Action item :: Write the data out again exactly, with no pictures.
──────────────────────────────
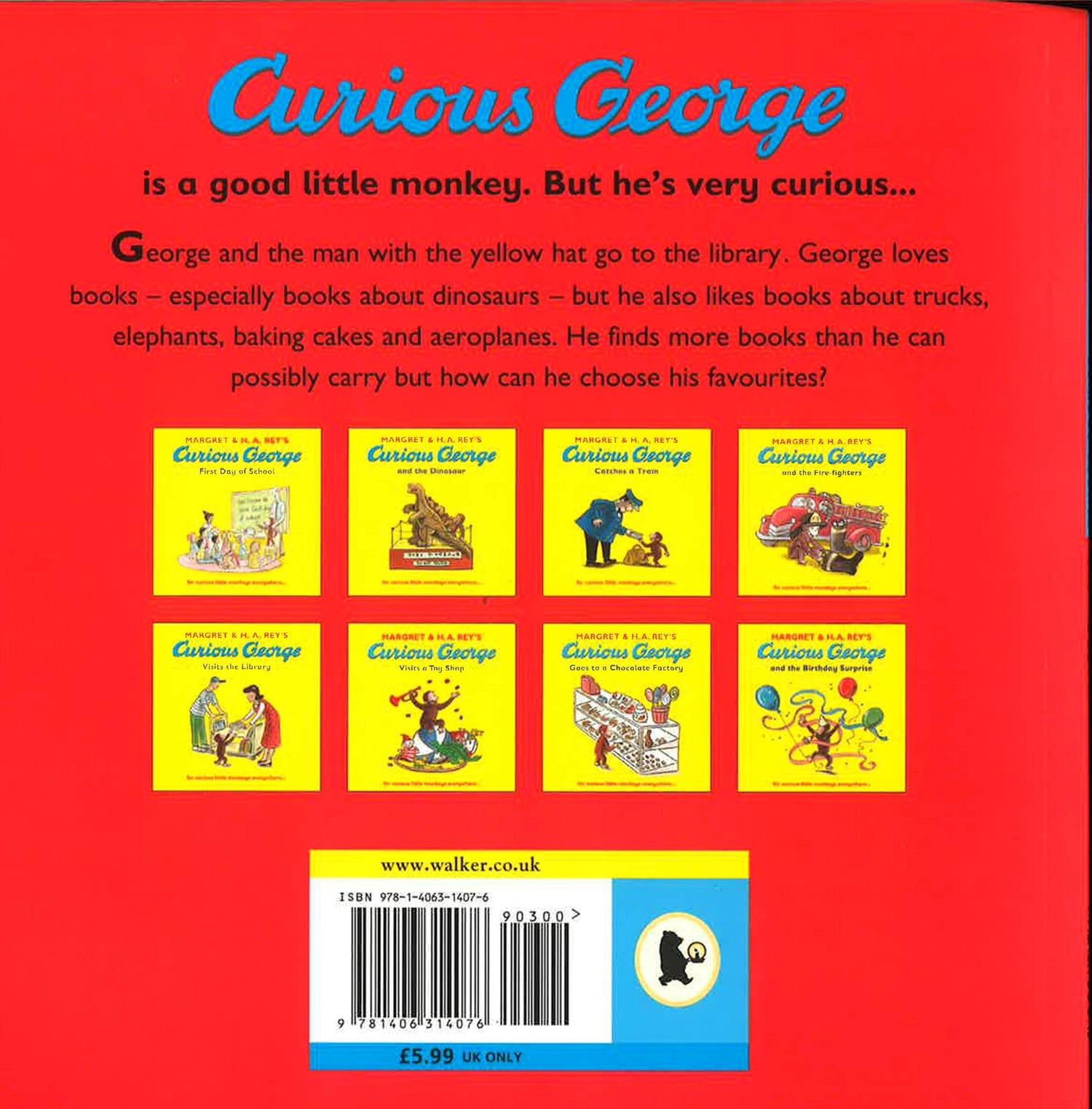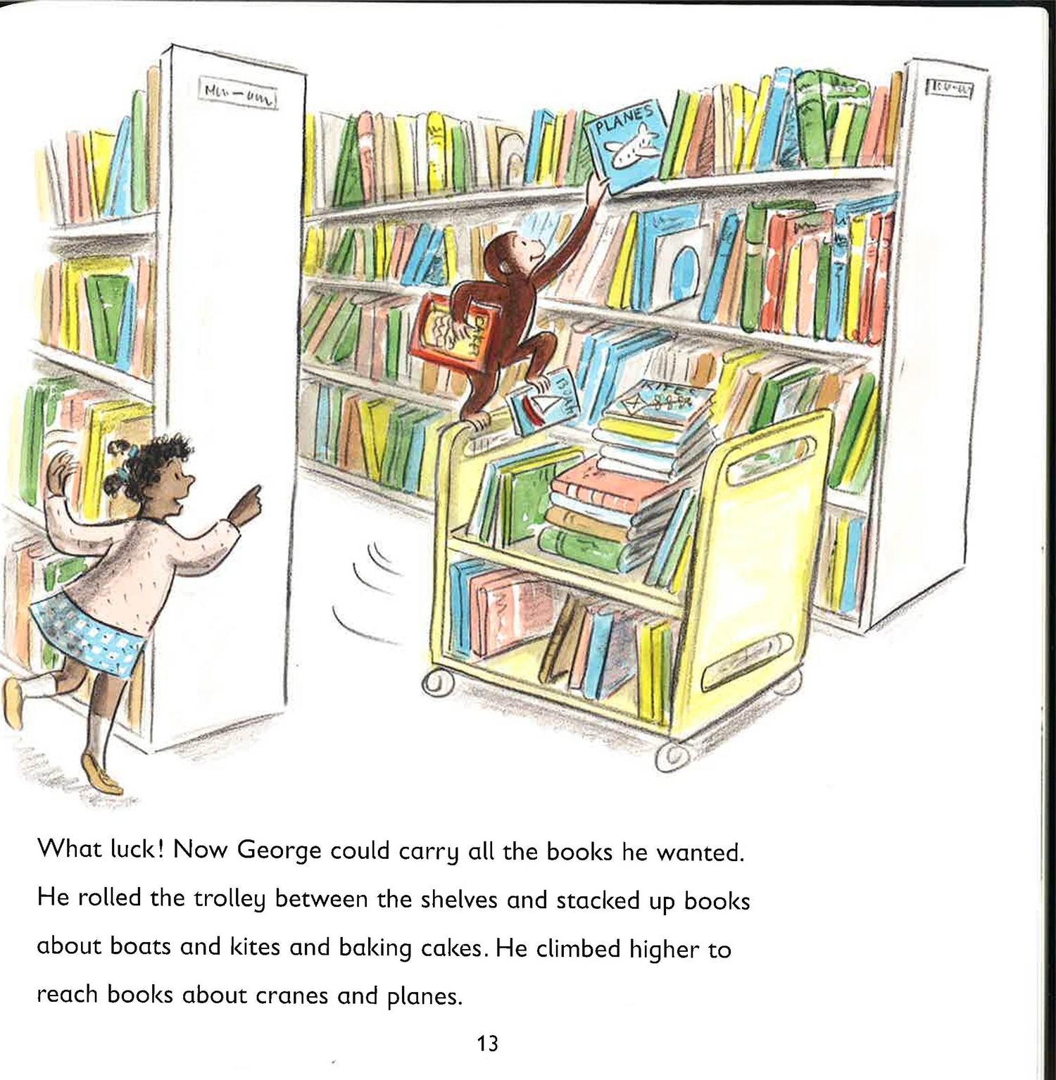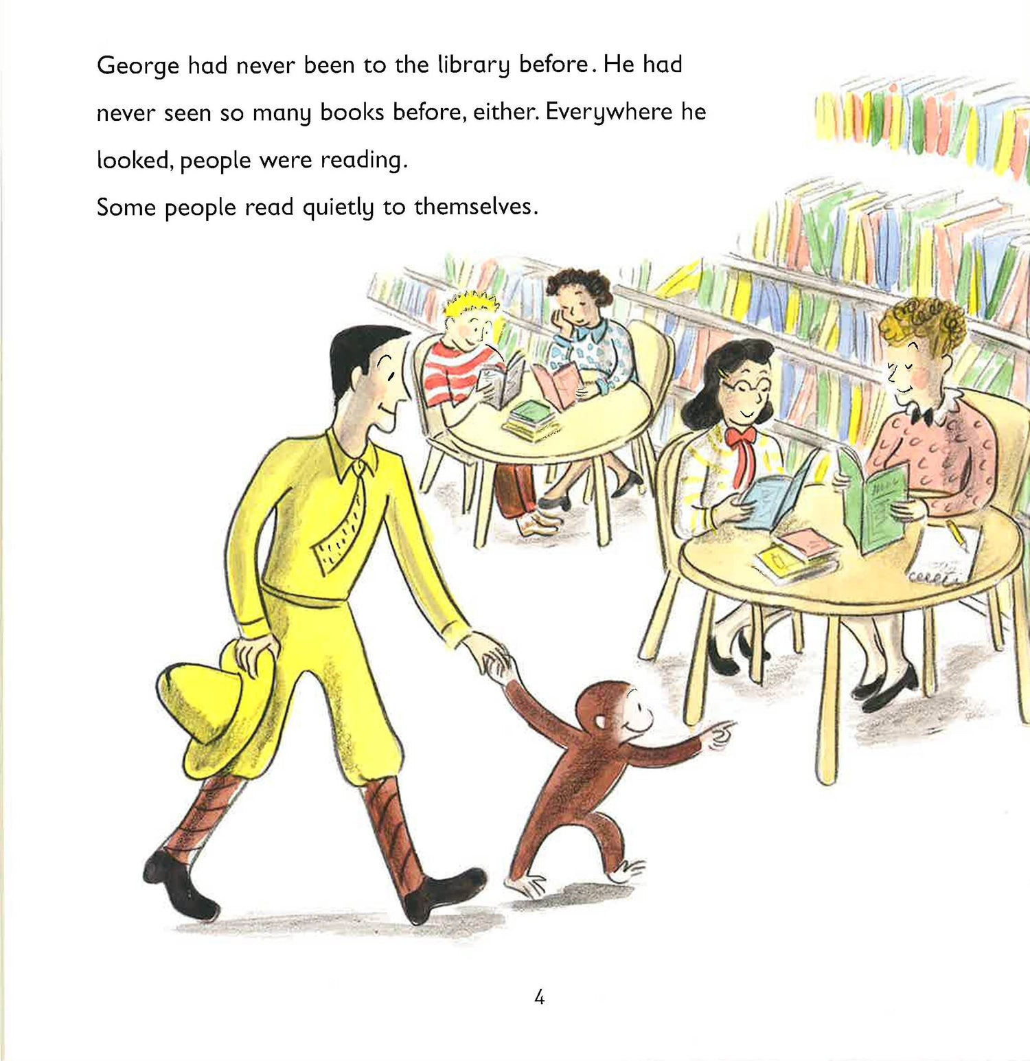 The man in the yellow hat takes George for his very first visit to the library. George can't believe how many books there are and loads up a trolley with his favourites, but the trolley picks up speed and crashes - what a mess! With the help of the librarian and the other children, the books are all picked up and sorted out, and George is left with a small pile of his favourites. He is even given a new library card so that he can borrow some more when he visits again.
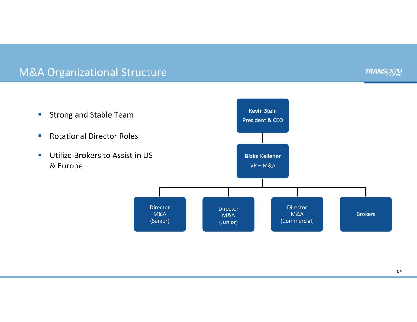M&A Organizational Structure 84 Kevin Stein  President & CEO Blake Kelleher  VP – M&A  Director  M&A  (Senior) Director M&A  (Junior) Director M&A (Commercial) Brokers  Strong and Stable Team  Rotational Director Roles  Utilize Brokers to Assist in US  & Europe
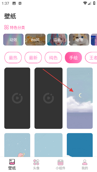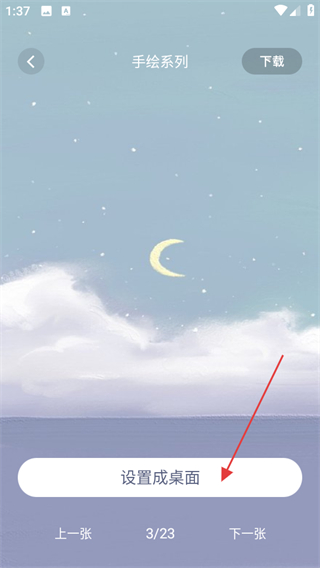 2、在壁紙列表頁面,點(diǎn)擊心儀壁紙如帶有月亮云朵的手繪壁紙,可進(jìn)入壁紙?jiān)斍轫撁妗?
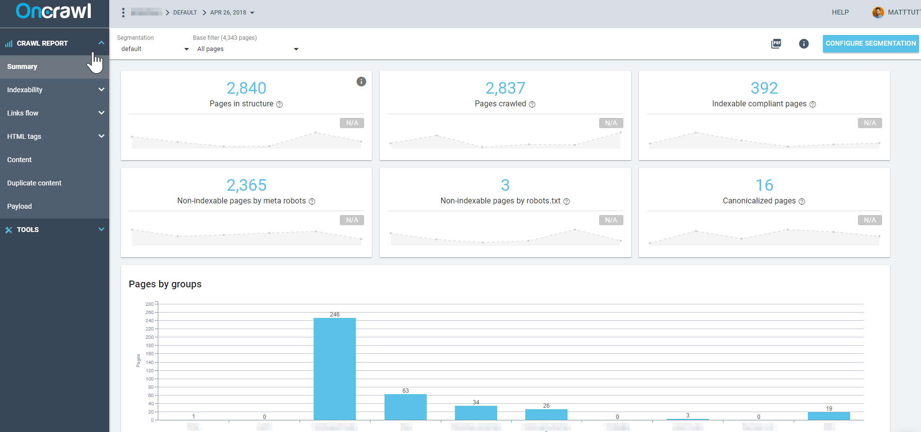 Pour tous ceux qui sont familiers avec les budgets de crawl, vous saurez que cela cause de gros problèmes SEO. Vous pouvez contrôler le Googlebot en n’indexant pas les pages des résultats de recherche pour les empêcher de gâcher leurs crawls et de passer à côté des ressources les plus utiles de votre site. Utiliser un outil comme OnCrawl permet de trouver et de diagnostiquer ces problèmes de crawl en lançant simplement un crawl complet de ces zones de votre site.
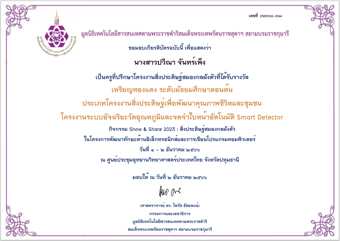 มูลนิธิเทคโนโลยีสารสนเทศตามพระราชดำริสมเด็จพระเทพรัตนราชสุดาฯ สยามบรมราชกุมารี ขอมอบเกียรติบัตรฉบับนี้ เพื่อแสดงว่า
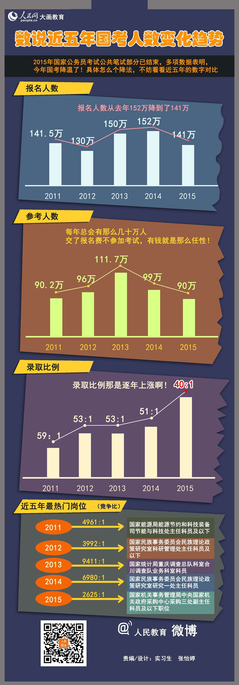 2015年國家公務員考試公共筆試部分已結束,多項數據表明,今年國考降溫了!具體怎么個降法,不妨看看近五年的數字對比。
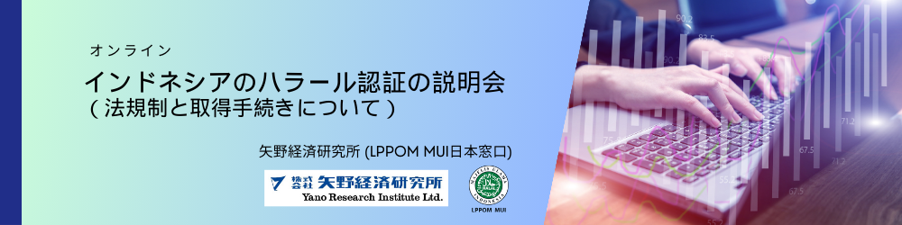 2024年10月18日よりハラール認証義務化が段階的に始まり、まずは食品飲料およびその関連製品とサービスがハラール認証を取得するかハラールでないことを明確化する対応が求められています。インドネシア政府公認のハラール検査機関であるLPPOM MUIの日本窓口である矢野経済研究所より、インドネシアのハラール認証の法規制の現状と取得手続きについて情報提供させて頂きます。
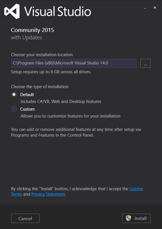 이후에 Visual Studio를 설치할 경로를 설정할 수 있다. 저자는 기본 설정(Default)으로 설치를 진행했다.
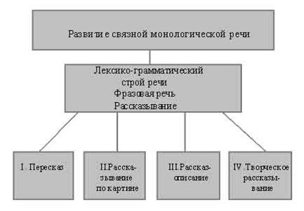 Курсовая работа: Теоретико-методологический анализ формирования навыков связной монологической речи у детей с общим недоразвитием речи III уровняКурсовая работа: Теоретико-методологический анализ формирования навыков связной монологической речи у детей с общим недоразвитием речи III уровняМИНИСТЕРСТВО ОБРАЗОВАНИЯ РОССИЙСКОЙ ФЕДЕРАЦИИ ГОСУДАРСТВЕННОЕ ОБРАЗОВАТЕЛЬНОЕ УЧРЕЖДЕНИЕ ВЫСШЕГО ПРОФЕССИОНАЛЬНОГО ОБРАЗОВАНИЯ ТЮМЕНСКИЙ ГОСУДАРСТВЕННЫЙ УНИВЕРСИТЕТ ИНСТИТУТ ПСИХОЛОГИИ, ПЕДАГОГИКИ, СОЦИАЛЬНОГО УПРАВЛЕНИЯ КАФЕДРА СПЕЦИАЛЬНОЙ ПЕДАГОГИКИ Теоретико-методологический анализ формирования навыков связной монологической речи у детей с ОНР III уровня Студентки 3 курса ОЗО группы 2985 по специальности 050715.65-"Логопедия" Лыжиной Н.В. Научный руководитель: к. пед. н., доцент кафедры специальной педагогики, Дмитриева Л.И. Содержание Введение 1.1 Развитие связной речи в онтогенезе 1.2 Психологические и лингвистические характеристики связной речи 1.3 Характеристика общего недоразвития речи. Периодизация ОНР Глава II. Констатирующий эксперимент и его анализ 2.2 Анализ результатов исследования связной монологической речи у старших дошкольников с ОНР 3.1 Теоретические основы формирующего эксперимента 3.2 Контрольный эксперимент и его анализ Список литературы Введение Актуальность. Одной из главных задач воспитания и обучения детей дошкольного возраста является развитие речи, речевого общения. Владение родным языком - это не только умение правильно построить предложение. Ребенок должен научиться рассказывать: не просто называть предмет, но и описать его, рассказать о каком-то событии, явлении, о последовательности событий. Такой рассказ должен состоять из ряда предложений и характеризовать существенные стороны и свойства описываемого предмета, события должны быть последовательными и логически связанными друг с другом, то есть речь ребенка должна быть связной. Связная речь представляет собой наиболее сложную форму речевой деятельности. Она носит характер последовательного систематического развернутого изложения. В формировании связной речи отчетливо выступает тесная связь речевого и умственного развития детей, развития их мышления, восприятия, наблюдательности. Чтобы связно рассказать о чем-нибудь, нужно ясно представлять себе объект рассказа (предмет, событие), уметь анализировать, отбирать основные (для данной ситуации общения) свойства и качества, устанавливать причинно-следственные, временные и другие отношения между предметами и явлениями. Для достижения связности речи необходимо также умело использовать интонацию, логическое (фразовое) ударение, подбирать подходящие для выражения данной мысли слова, уметь строить сложные предложения, использовать языковые средства для связи предложений. У детей с нормой речевого развития в старшем дошкольном возрасте связная речь достигает довольно высокого уровня. Это очень важно для дальнейшего успешного обучения в школе, для всестороннего развития личности ребенка. общее недоразвитие речь ребенок Психолого-педагогические исследования в коррекционной педагогике показывают, что в настоящее время наблюдается устойчивая тенденция к увеличению числа детей с нарушениями речевого развития. Среди них велика категория детей с ОНР - общим недоразвитием речи. При общем недораз
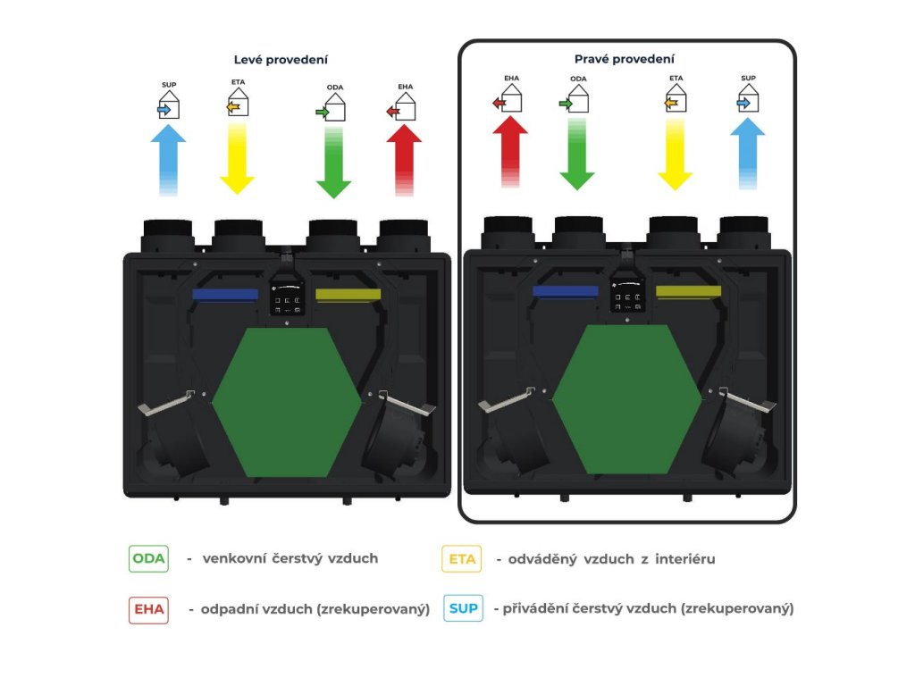 Přívod + odvod vzduchu z interiéru naleznete na pravé straně. Lze zakoupit také ve variantě ze zdířkami na straně levé.
──────────────────────────────
Answer section ::
 The man in the yellow hat takes George for his very first visit to the library. George can't believe how many books there are and loads up a trolley with his favourites, but the trolley picks up speed and crashes - what a mess! With the help of the librarian and the other children, the books are all picked up and sorted out, and George is left with a small pile of his favourites. He is even given a new library card so that he can borrow some more when he visits again.
M&A Organizational Structure 84 Kevin Stein  President & CEO Blake Kelleher  VP – M&A  Director  M&A  (Senior) Director M&A  (Junior) Director M&A (Commercial) Brokers  Strong and Stable Team  Rotational Director Roles  Utilize Brokers to Assist in US  & Europe
 2、在壁紙列表頁面,點(diǎn)擊心儀壁紙如帶有月亮云朵的手繪壁紙,可進(jìn)入壁紙?jiān)斍轫撁妗?
 Pour tous ceux qui sont familiers avec les budgets de crawl, vous saurez que cela cause de gros problèmes SEO. Vous pouvez contrôler le Googlebot en n’indexant pas les pages des résultats de recherche pour les empêcher de gâcher leurs crawls et de passer à côté des ressources les plus utiles de votre site. Utiliser un outil comme OnCrawl permet de trouver et de diagnostiquer ces problèmes de crawl en lançant simplement un crawl complet de ces zones de votre site.
 มูลนิธิเทคโนโลยีสารสนเทศตามพระราชดำริสมเด็จพระเทพรัตนราชสุดาฯ สยามบรมราชกุมารี ขอมอบเกียรติบัตรฉบับนี้ เพื่อแสดงว่า
 2015年國家公務員考試公共筆試部分已結束,多項數據表明,今年國考降溫了!具體怎么個降法,不妨看看近五年的數字對比。
 2024年10月18日よりハラール認証義務化が段階的に始まり、まずは食品飲料およびその関連製品とサービスがハラール認証を取得するかハラールでないことを明確化する対応が求められています。インドネシア政府公認のハラール検査機関であるLPPOM MUIの日本窓口である矢野経済研究所より、インドネシアのハラール認証の法規制の現状と取得手続きについて情報提供させて頂きます。
 이후에 Visual Studio를 설치할 경로를 설정할 수 있다. 저자는 기본 설정(Default)으로 설치를 진행했다.
 Курсовая работа: Теоретико-методологический анализ формирования навыков связной монологической речи у детей с общим недоразвитием речи III уровняКурсовая работа: Теоретико-методологический анализ формирования навыков связной монологической речи у детей с общим недоразвитием речи III уровняМИНИСТЕРСТВО ОБРАЗОВАНИЯ РОССИЙСКОЙ ФЕДЕРАЦИИ ГОСУДАРСТВЕННОЕ ОБРАЗОВАТЕЛЬНОЕ УЧРЕЖДЕНИЕ ВЫСШЕГО ПРОФЕССИОНАЛЬНОГО ОБРАЗОВАНИЯ ТЮМЕНСКИЙ ГОСУДАРСТВЕННЫЙ УНИВЕРСИТЕТ ИНСТИТУТ ПСИХОЛОГИИ, ПЕДАГОГИКИ, СОЦИАЛЬНОГО УПРАВЛЕНИЯ КАФЕДРА СПЕЦИАЛЬНОЙ ПЕДАГОГИКИ Теоретико-методологический анализ формирования навыков связной монологической речи у детей с ОНР III уровня Студентки 3 курса ОЗО группы 2985 по специальности 050715.65-"Логопедия" Лыжиной Н.В. Научный руководитель: к. пед. н., доцент кафедры специальной педагогики, Дмитриева Л.И. Содержание Введение 1.1 Развитие связной речи в онтогенезе 1.2 Психологические и лингвистические характеристики связной речи 1.3 Характеристика общего недоразвития речи. Периодизация ОНР Глава II. Констатирующий эксперимент и его анализ 2.2 Анализ результатов исследования связной монологической речи у старших дошкольников с ОНР 3.1 Теоретические основы формирующего эксперимента 3.2 Контрольный эксперимент и его анализ Список литературы Введение Актуальность. Одной из главных задач воспитания и обучения детей дошкольного возраста является развитие речи, речевого общения. Владение родным языком - это не только умение правильно построить предложение. Ребенок должен научиться рассказывать: не просто называть предмет, но и описать его, рассказать о каком-то событии, явлении, о последовательности событий. Такой рассказ должен состоять из ряда предложений и характеризовать существенные стороны и свойства описываемого предмета, события должны быть последовательными и логически связанными друг с другом, то есть речь ребенка должна быть связной. Связная речь представляет собой наиболее сложную форму речевой деятельности. Она носит характер последовательного систематического развернутого изложения. В формировании связной речи отчетливо выступает тесная связь речевого и умственного развития детей, развития их мышления, восприятия, наблюдательности. Чтобы связно рассказать о чем-нибудь, нужно ясно представлять себе объект рассказа (предмет, событие), уметь анализировать, отбирать основные (для данной ситуации общения) свойства и качества, устанавливать причинно-следственные, временные и другие отношения между предметами и явлениями. Для достижения связности речи необходимо также умело использовать интонацию, логическое (фразовое) ударение, подбирать подходящие для выражения данной мысли слова, уметь строить сложные предложения, использовать языковые средства для связи предложений. У детей с нормой речевого развития в старшем дошкольном возрасте связная речь достигает довольно высокого уровня. Это очень важно для дальнейшего успешного обучения в школе, для всестороннего развития личности ребенка. общее недоразвитие речь ребенок Психолого-педагогические исследования в коррекционной педагогике показывают, что в настоящее время наблюдается устойчивая тенденция к увеличению числа детей с нарушениями речевого развития. Среди них велика категория детей с ОНР - общим недоразвитием речи. При общем недораз
 Přívod + odvod vzduchu z interiéru naleznete na pravé straně. Lze zakoupit také ve variantě ze zdířkami na straně levé.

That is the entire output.